The month after the Application and testimony in November, and shortly after the December hearing at which the sanctioned former counsel "also agreed to pay monetary sanctions," Allstate's lawyers requested a new amount of $41,748.00. They represented to the Court that their firm actually "had three attorneys bill on this matter[.]" Baker, 2020 WL 978729, at *3 (emphasis added).
Besides testifying that there were only two Allstate lawyers involved in presenting the Application, the lead attorney for Allstate also testified in November that the Application was the product of 13 hours. The Court noted that this representation was "made under the penalty of perjury[.]" Baker, 2020 WL 978729, at *3. A month or so later, Allstate's lawyers were representing to the Court that they had actually "expended 33.2 hours to bring [Allstate's] Application." The Court characterized this later representation as seeking "a do-over[.]" The Court also described this as the lawyers' "attempt to back door an additional 20.2 hours[.]" Baker, 2020 WL 978729, at *3.

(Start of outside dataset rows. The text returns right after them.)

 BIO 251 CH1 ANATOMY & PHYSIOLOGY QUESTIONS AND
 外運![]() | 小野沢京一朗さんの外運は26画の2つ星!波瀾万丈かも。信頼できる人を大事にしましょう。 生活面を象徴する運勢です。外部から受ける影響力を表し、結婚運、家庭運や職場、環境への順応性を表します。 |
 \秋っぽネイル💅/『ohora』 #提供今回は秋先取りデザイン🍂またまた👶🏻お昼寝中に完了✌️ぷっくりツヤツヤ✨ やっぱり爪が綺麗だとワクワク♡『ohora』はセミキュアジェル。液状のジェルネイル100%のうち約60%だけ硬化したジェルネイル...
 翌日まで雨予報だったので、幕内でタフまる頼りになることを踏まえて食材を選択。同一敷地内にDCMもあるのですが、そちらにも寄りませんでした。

The sanctioned former counsel took the position that these representations were not what he had agreed to when he agreed to monetary sanctions based on the Application and the initial testimony of Allstate's lawyers about how many lawyers, how many hours, and how much money Allstate claimed in the first place. He requested "that the Court award Allstate no more than its original request of $6370." Baker, 2020 WL 978729, at *3.
However, the Court did not grant his request.

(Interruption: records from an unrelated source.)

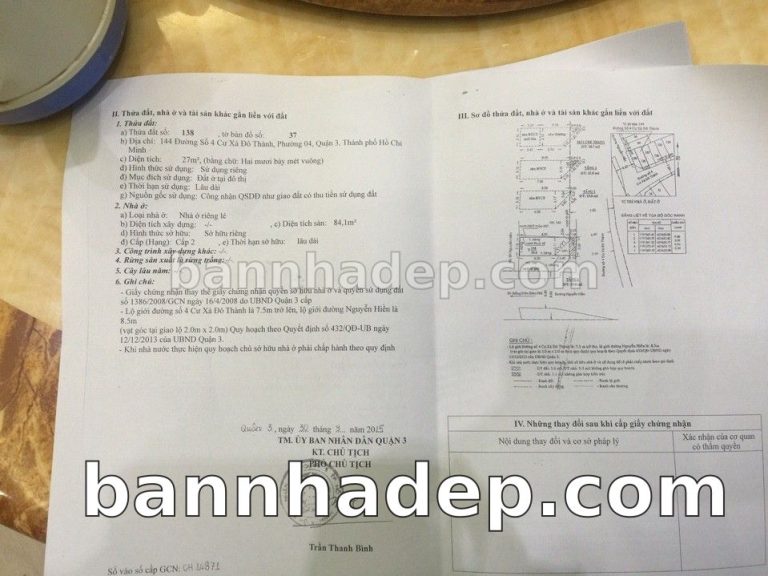 Bán nhà 144 Đường số 4 CX Đô Thành phường 04 quận 3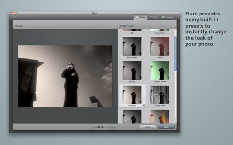 Sviluppato dalla premiata Iconfactory, Flare è un’applicazione per chi vuole modificare o aggiustare le foto. L’applicazione ha un’interfaccia grafica semplice da usare e contiene oltre 90 effetti ed impostazioni per produrre foto di grande effetto.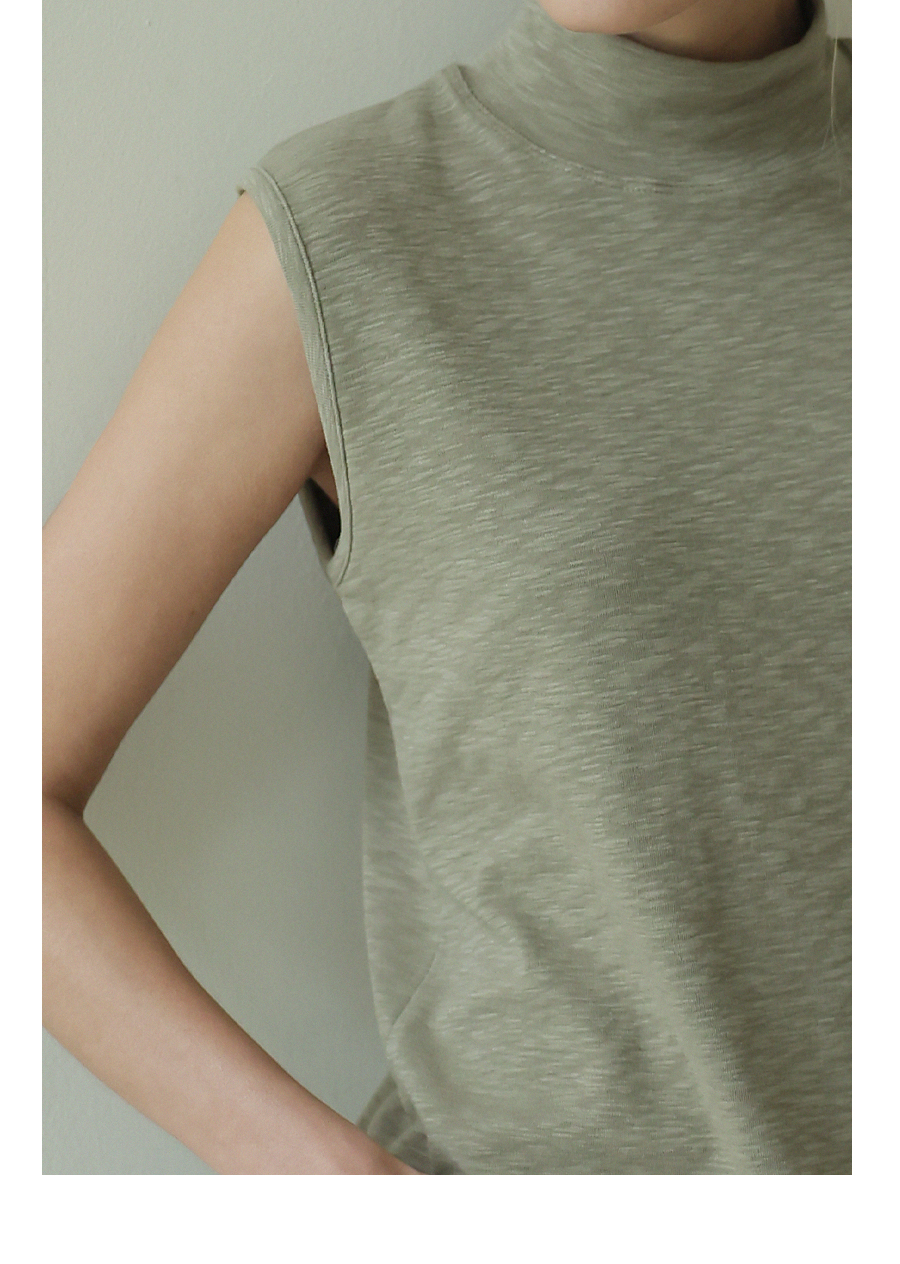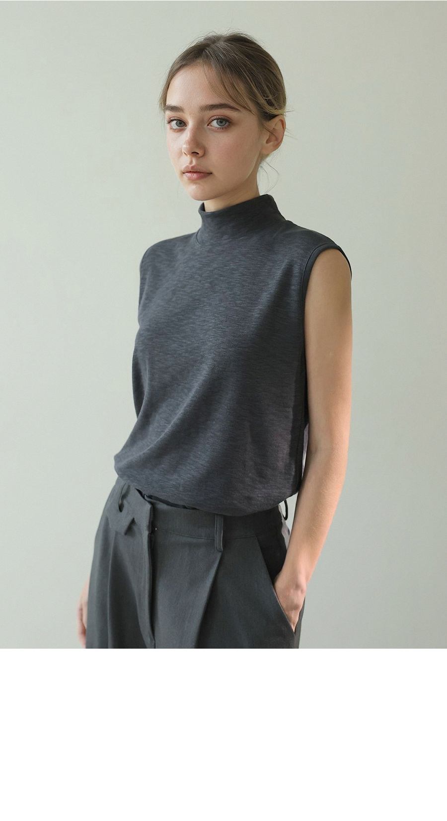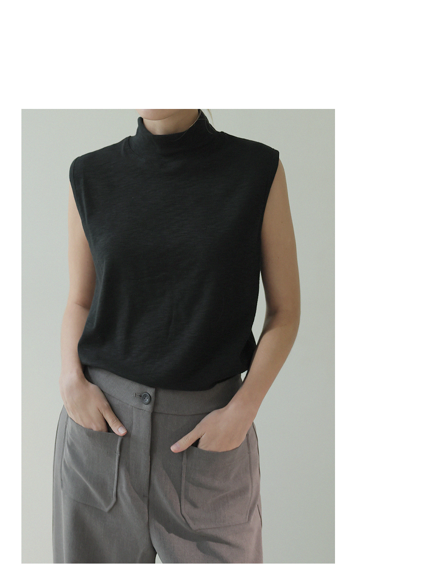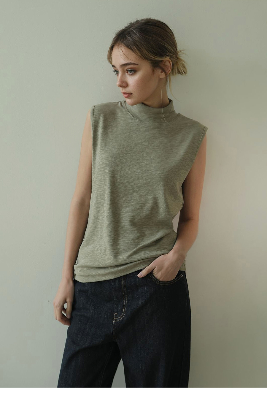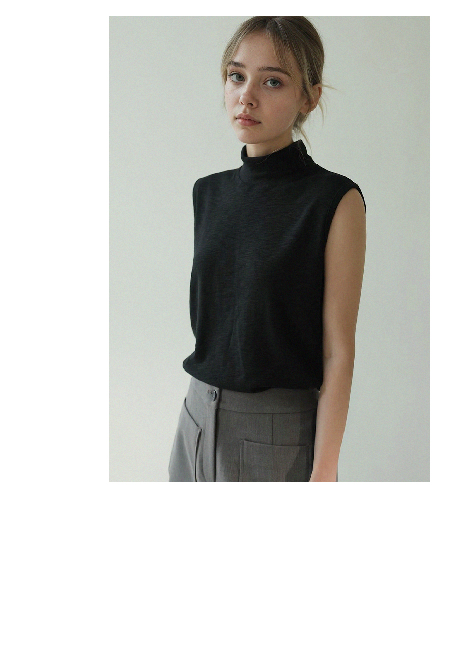 "신축성과 부드러움을 겸비한 모달 모크넥 민소매 탑"

Instead, the Court applied its understanding of the rule in the Ninth Circuit that "[g]enerally, in assessing attorneys' fees, the court should calculate the 'lodestar' figure," which involves multiplying the number of hours reasonably claimed by a reasonable hourly rate. Even after that, the Court noted, it could still adjust the claim down depending on "reasonableness." Baker, 2020 WL 978729, at *2.

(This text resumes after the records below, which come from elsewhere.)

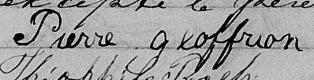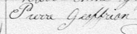 Il est aussi connu sous le nom de Pierre Geoffrion fils 1. Il est baptisé Pierre Geoffrion 1, 2, 3, 4, 5, 6, 7, 8, 9, 10, 11, 12, 13, 14, 15, 16, 17, 18, 19, 20, 21, 22, 23, 24, 25, 26. Il signe Pierre Geofrion 9. Il est le fils de Pierre Geoffrion 2, 6, 9 et Marie Céleste Mongeau 2, 9. Il est le filleul de Dorothée Jodouin 2 et Louis Geoffrion 2.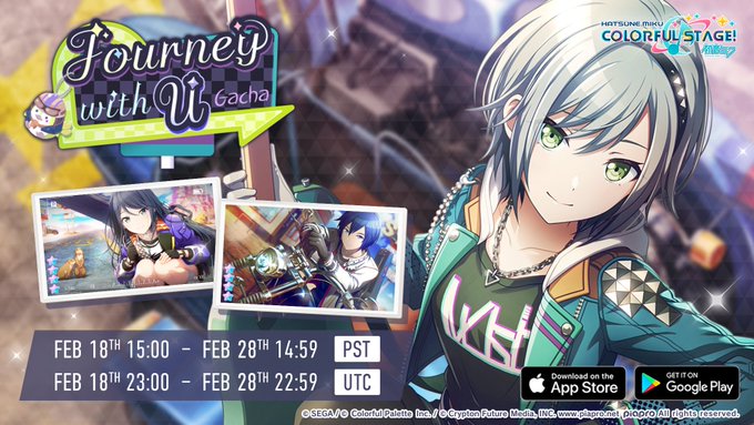 The "Journey with U Gacha" is now available! 🏜Pull the new Shiho, Ichika, and KAITO cards today~ The banner will run until Feb. 28, 14:59 (PST)/ 22:59 (UTC) ✨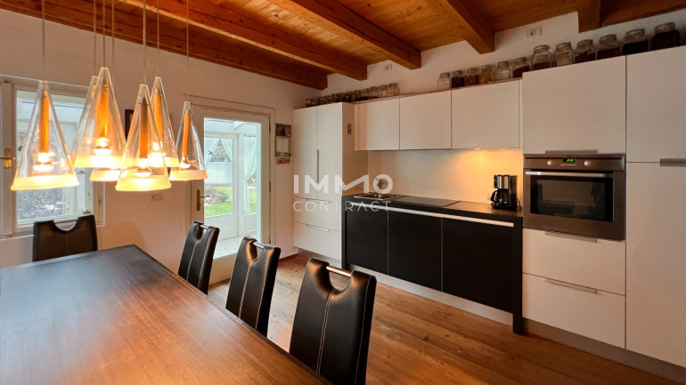 Das Haus wurde mit spürbarer Sorgfalt saniert: Dach, Heizung, Leitungen, Böden und Bäder sind erneuert, und die Küche im italienischen Stil verleiht dem Erdgeschoss eine besondere Leichtigkeit. Das Wohnzimmer mit Essbereich, offenem Kamin sowie den erneuerten Holzbalkendecken und der frischen Vertäfelung strahlt jene natürliche Wärme aus, die sofort Geborgenheit schafft.

Significantly, the Court proceeded to apply the general rule to this particular case. The Court considered the lawyers' higher request for fees in this particular case anyway. Along the way to a higher award than Allstate originally requested and its lawyers testified, the Court reduced the lawyer's newly claimed hours because certain hours "provide no description," other hours "were unnecessarily incurred," some hours were nothing more than "block-billing," and still other hours were submitted "for travel time and straightforward research, tasks which do not require great litigation skill." Baker, 2020 WL 978729, at *3-*5.
It is also significant that the Court "lowered" every one of Allstate's lawyer's hourly rates to $420.00/hour.
Then the Court awarded $17,808.00 in attorney's fees. Baker, 2020 WL 978729, at *5.